What you need to do: Repeat the span of the entries below that starts at the line with "Suterén tvoří dvojgaráž" and ends at the line with "Leur cadran orné", nothing more. Skip the pictures.

Records for this exercise:
____
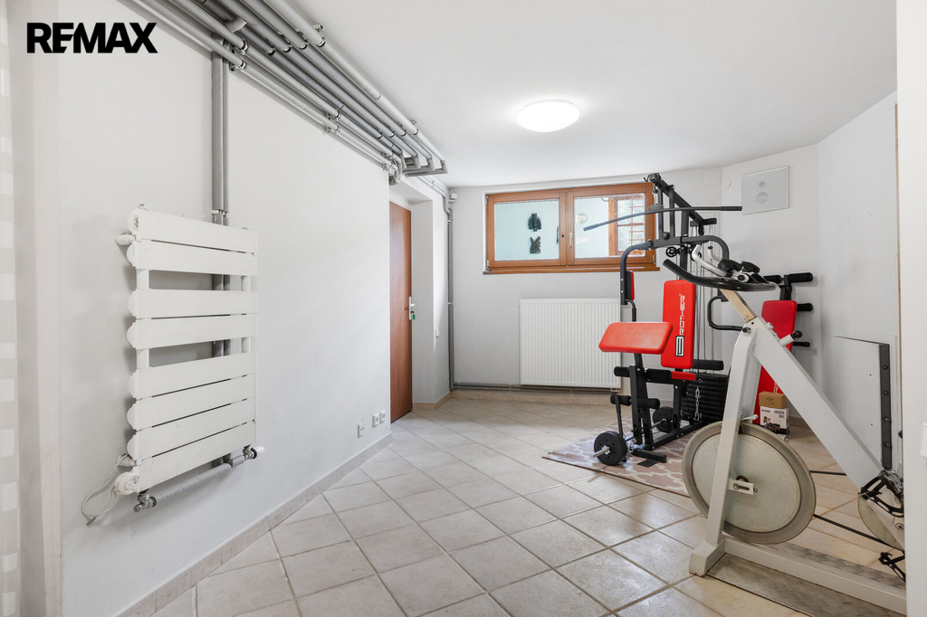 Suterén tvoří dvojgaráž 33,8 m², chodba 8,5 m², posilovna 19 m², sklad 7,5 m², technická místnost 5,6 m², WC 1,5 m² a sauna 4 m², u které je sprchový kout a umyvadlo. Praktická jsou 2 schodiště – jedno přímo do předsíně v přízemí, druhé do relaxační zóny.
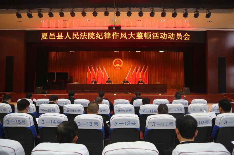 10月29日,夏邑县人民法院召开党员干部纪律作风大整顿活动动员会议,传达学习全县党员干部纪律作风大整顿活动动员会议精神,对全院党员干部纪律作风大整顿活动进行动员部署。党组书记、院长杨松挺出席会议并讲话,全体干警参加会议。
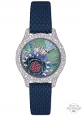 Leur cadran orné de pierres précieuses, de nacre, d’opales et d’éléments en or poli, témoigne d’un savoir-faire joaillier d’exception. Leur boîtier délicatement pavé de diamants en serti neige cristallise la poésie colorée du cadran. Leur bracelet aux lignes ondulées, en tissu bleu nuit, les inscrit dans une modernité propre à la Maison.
____
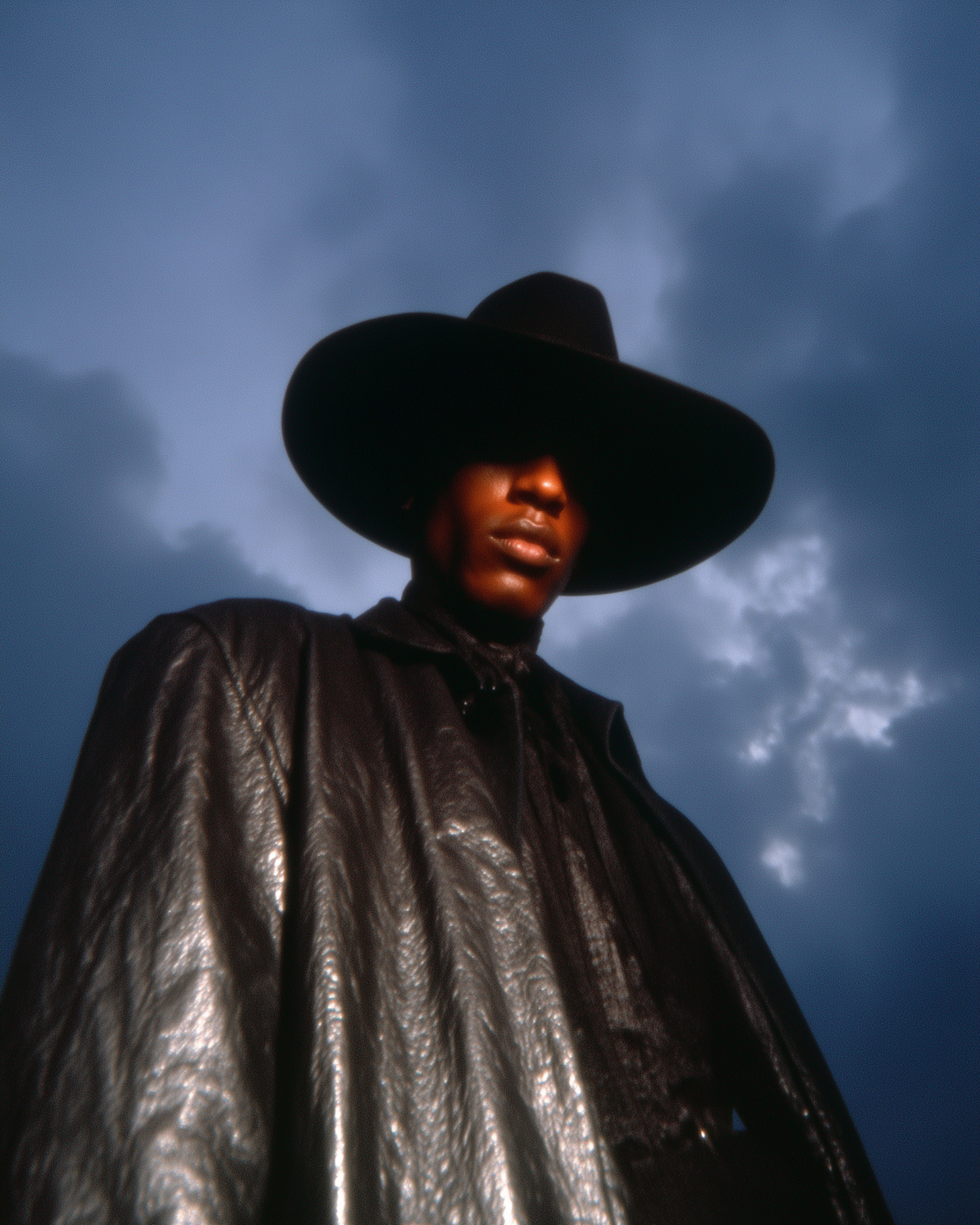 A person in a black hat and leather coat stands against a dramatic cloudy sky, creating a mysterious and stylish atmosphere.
____
Exercise response:
 Suterén tvoří dvojgaráž 33,8 m², chodba 8,5 m², posilovna 19 m², sklad 7,5 m², technická místnost 5,6 m², WC 1,5 m² a sauna 4 m², u které je sprchový kout a umyvadlo. Praktická jsou 2 schodiště – jedno přímo do předsíně v přízemí, druhé do relaxační zóny.
 10月29日,夏邑县人民法院召开党员干部纪律作风大整顿活动动员会议,传达学习全县党员干部纪律作风大整顿活动动员会议精神,对全院党员干部纪律作风大整顿活动进行动员部署。党组书记、院长杨松挺出席会议并讲话,全体干警参加会议。
 Leur cadran orné de pierres précieuses, de nacre, d’opales et d’éléments en or poli, témoigne d’un savoir-faire joaillier d’exception. Leur boîtier délicatement pavé de diamants en serti neige cristallise la poésie colorée du cadran. Leur bracelet aux lignes ondulées, en tissu bleu nuit, les inscrit dans une modernité propre à la Maison.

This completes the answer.